Dust ring and gap formation by gas flow induced by low-mass planets embedded in protoplanetary disks

The observed dust rings and gaps in protoplanetary disks could be imprints of forming planets. Even low-mass planets in the 1-10 Earth-mass regime, which have not yet carved deep gas gaps, can generate such dust rings and gaps by driving a radially-outward gas flow, as shown in previous work. However, understanding the creation and evolution of these dust structures is challenging due to dust drift and diffusion, requiring an approach beyond previous steady state models.
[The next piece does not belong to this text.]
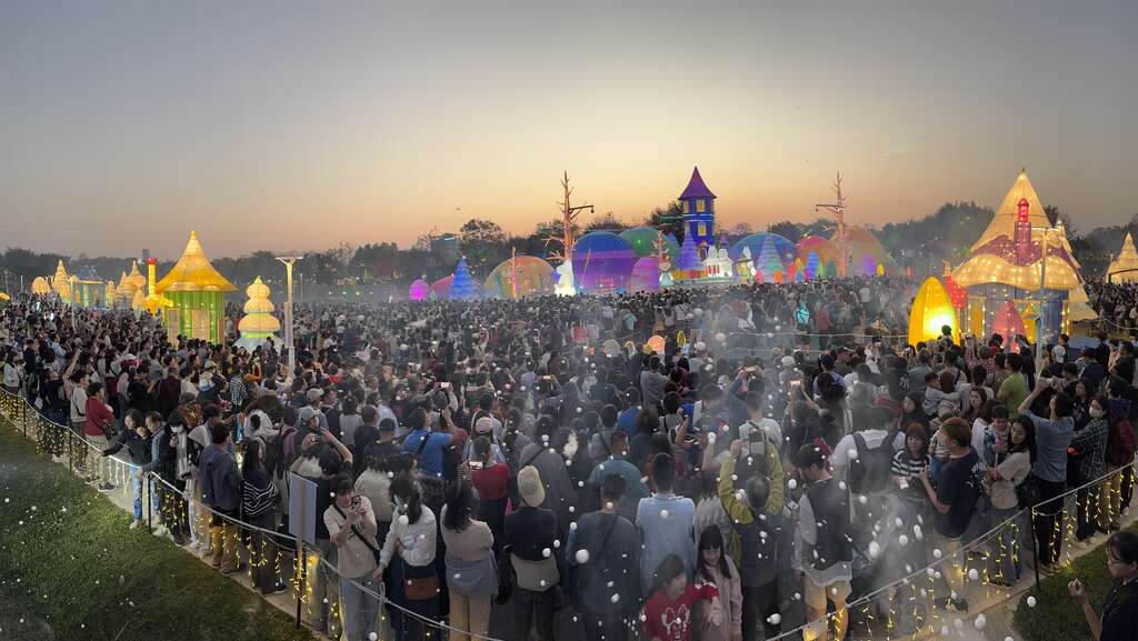 觀旅局長陳美秀表示,2026中台灣燈會以「幸福蜜馬 台中MOOMIN ON!」為主題,與Rights and Brands Asia (RBA) 旗下風靡全球80週年的「姆明一族(The Moomins)」跨界合作,於中央公園規劃主題展區,宛如歐洲童話小鎮的夢幻場景,過年期間吸引破百萬民眾造訪。除了開幕即爆紅的「極光下的姆明谷」與超大的「划船姆明」外,集聚8個姆明一族氣偶在野餐、看書、釣魚、修剪花草的「露營時光」展區熱度也持續升溫,尤其是歌妮身旁的那隻「熊馬吉」,現場觀察發現許多家長帶著孩子合照時,都會叮嚀:「拍完照要讓娃娃坐好喔,它是大家的!」甚至有民眾看到娃娃被風吹歪,還會順手幫它喬正,這種會心而笑的默契,都讓燈會現場充滿了既歡樂又溫馨的氛圍。

Here we investigate the time evolution of the dust surface density influenced by the planet-induced gas flow, based on post-processing three-dimensional hydrodynamical simulations. We find that planets larger than a dimensionless thermal mass of m = 0.05, corresponding to 0.3 Earth mass at 1 au or 1.7 Earth masses at 10 au, generate dust rings and gaps, provided that solids have small Stokes numbers (St less than or similar to 10(-2)) and that the disk midplane is weakly turbulent (alpha(diff) less than or similar to 10(-4)). As dust particles pile up outside the orbit of the planet, the interior gap expands with time when the advective flux dominates over diffusion. Dust gap depths range from a factor of a few to several orders of magnitude, depending on planet mass and the level of midplane particle diffusion. We constructed a semi-analytic model describing the width of the dust ring and gap, and then compared it with the observational data. We find that up to 65% of the observed wide-orbit gaps could be explained as resulting from the presence of a low-mass planet, assuming alpha(diff) = 10(-5) and St = 10(-3). However, it is more challenging to explain the observed wide rings, which in our model would require the presence of a population of small particles (St = 10(-4)). Further work is needed to explore the role of pebble fragmentation, planet migration, and the effect of multiple planets.